I hate MS licensing, by the way. Like the products, but the licensing sucks. :smile:[/QUOTE]

Just out of interest, could you give us all an idea as to how much it would cost for Mersenne Research, Inc. to purchase new licences of the required software?

And, to reflect, I personally hate the fact that the effectively zero cost to reproduce "bits" (read: proprietary software) often costs more than the hard to reproduce "atoms" (read: hardware).

And yet the latter probably took more money to develop, and definitely more to produce, and they have to get it right at release, rather than the "upgrade treadmill" of the former.

/end_rant

TheMawn 2014-08-05 16:57

[QUOTE=chalsall;379750]And, to reflect, I personally hate the fact that the effectively zero cost to reproduce "bits" (read: proprietary software) often costs more than the hard to reproduce "atoms" (read: hardware).

And yet the latter probably took more money to develop, and definitely more to produce, and they have to get it right at release, rather than the "upgrade treadmill" of the former.

/end_rant[/QUOTE]

I agree.

On the other hand, in the computer business, hardware gets made and sold on a larger scale than certain specialized programs. Still, I'm sure there's an aspect of greed where "we're the only ones who make something like this so we can safely make our customers pay through the nose."

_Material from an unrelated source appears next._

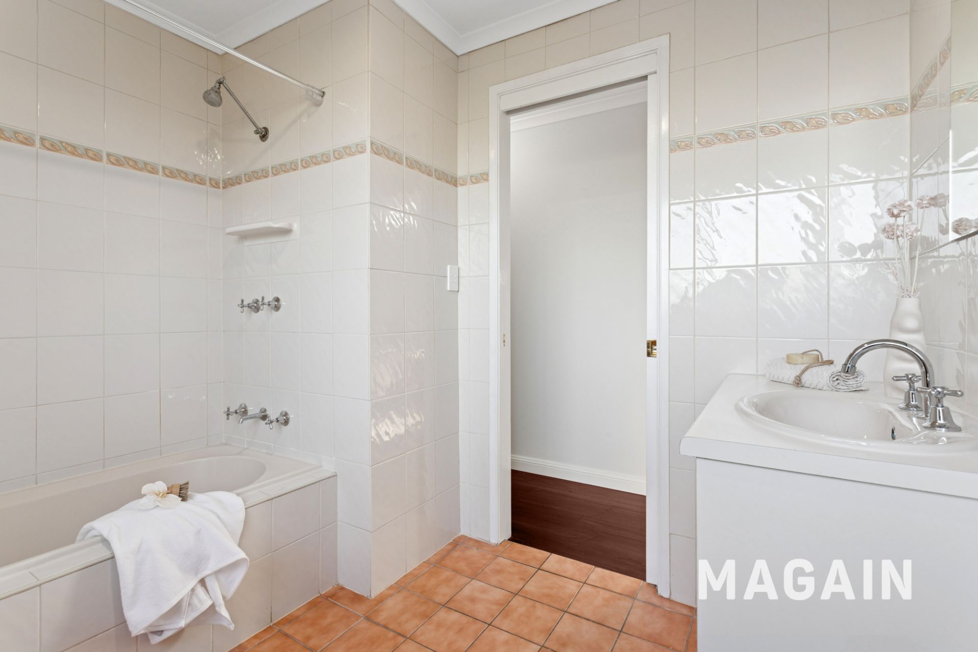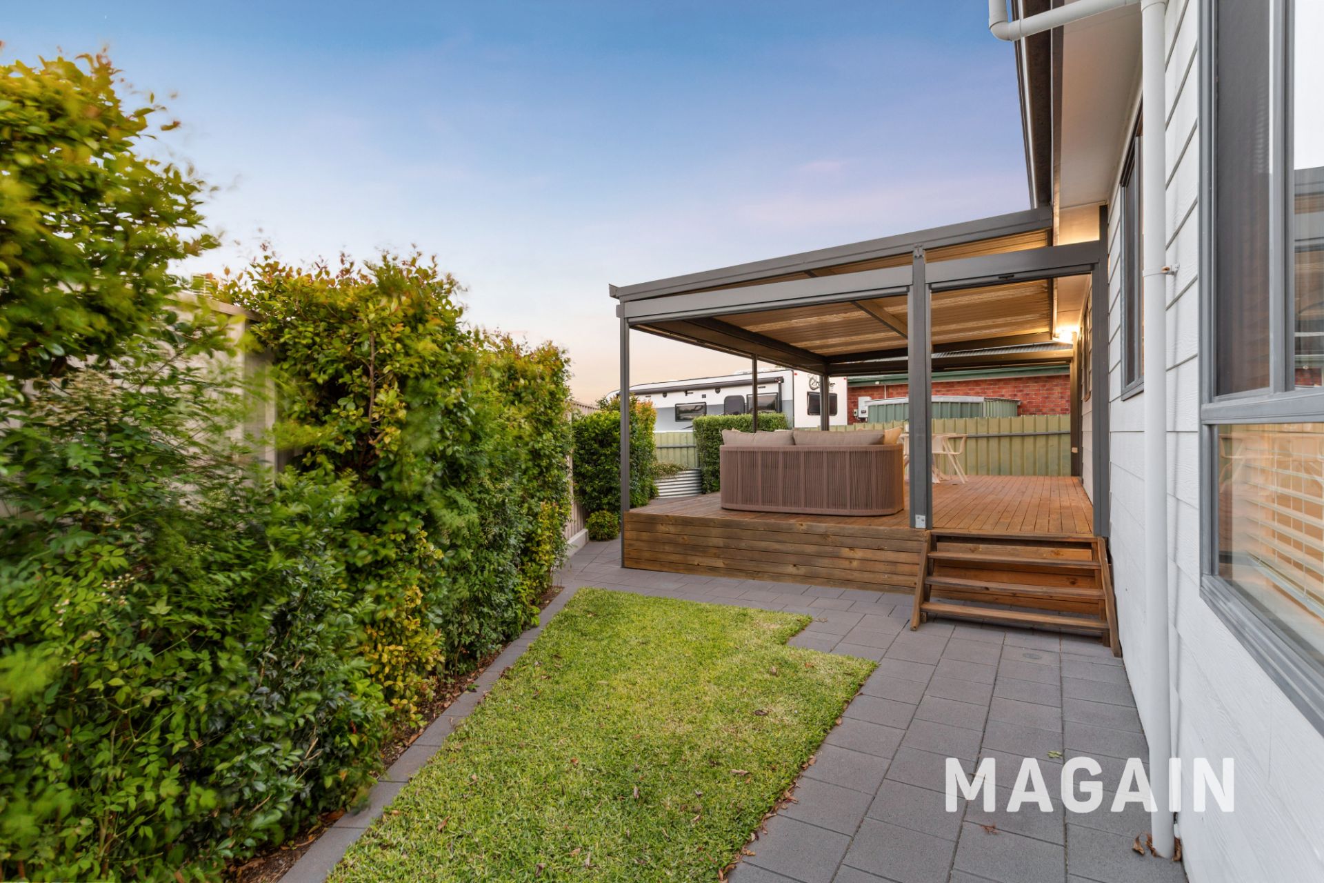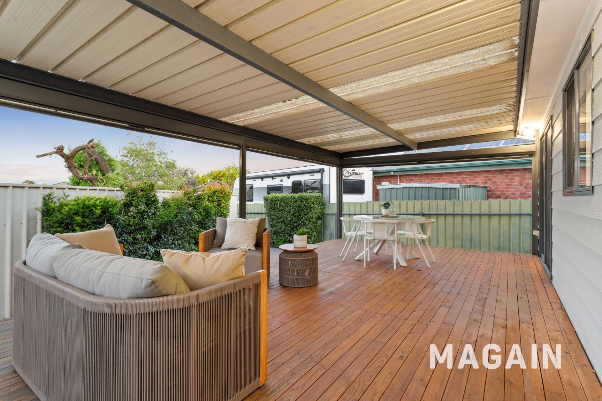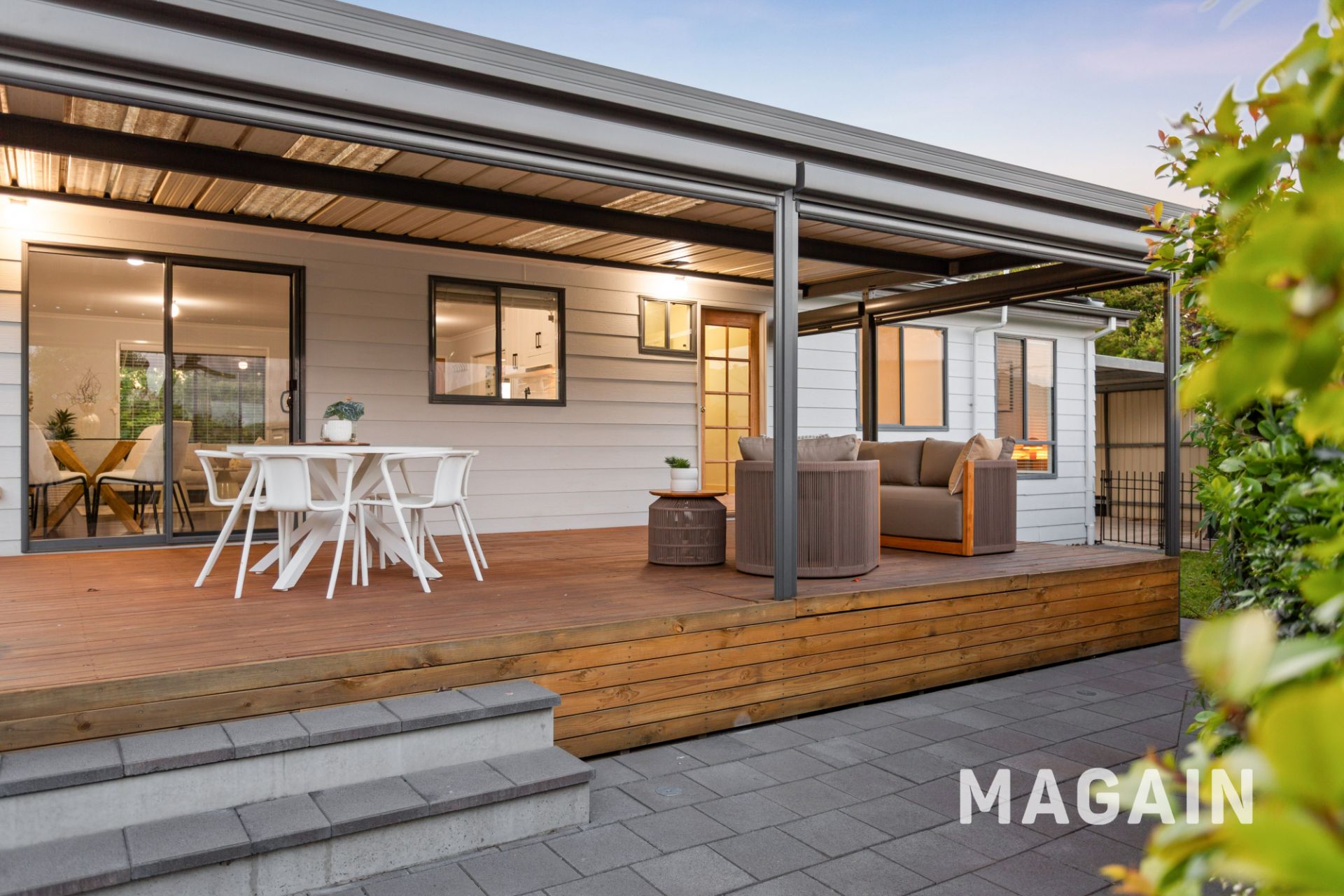 A standout feature of this home is the impressive timber-decked undercover entertaining area accessed via sliding doors from the living area. Complete with fitted Ziptrak blinds, this outdoor haven seamlessly extends the home and ensures year-round indoor/outdoor living while capturing glimpses of the stunning hills into the distance

My uncle works for the Canadian Government and they're still running Windows XP. He's got a head between his shoulders, but a lot of the people in his area don't and were pretty mad that XP support had stopped. Their reason for using Windows XP? The software they have licenses for costs $10,000 dollars per, and is not compatible with Windows 7, so they're sticking to XP.

My uncle actuall had to send a few dozen SSD's to be crushed and incinerated because the data on them can supposedly not be securely erased. They couldn't be given or sold to employees either because they already contained proprietary sensitive information. Otherwise, he said, he would have brought me as many SSD's as I had SATA ports because he knew I would appreciate them.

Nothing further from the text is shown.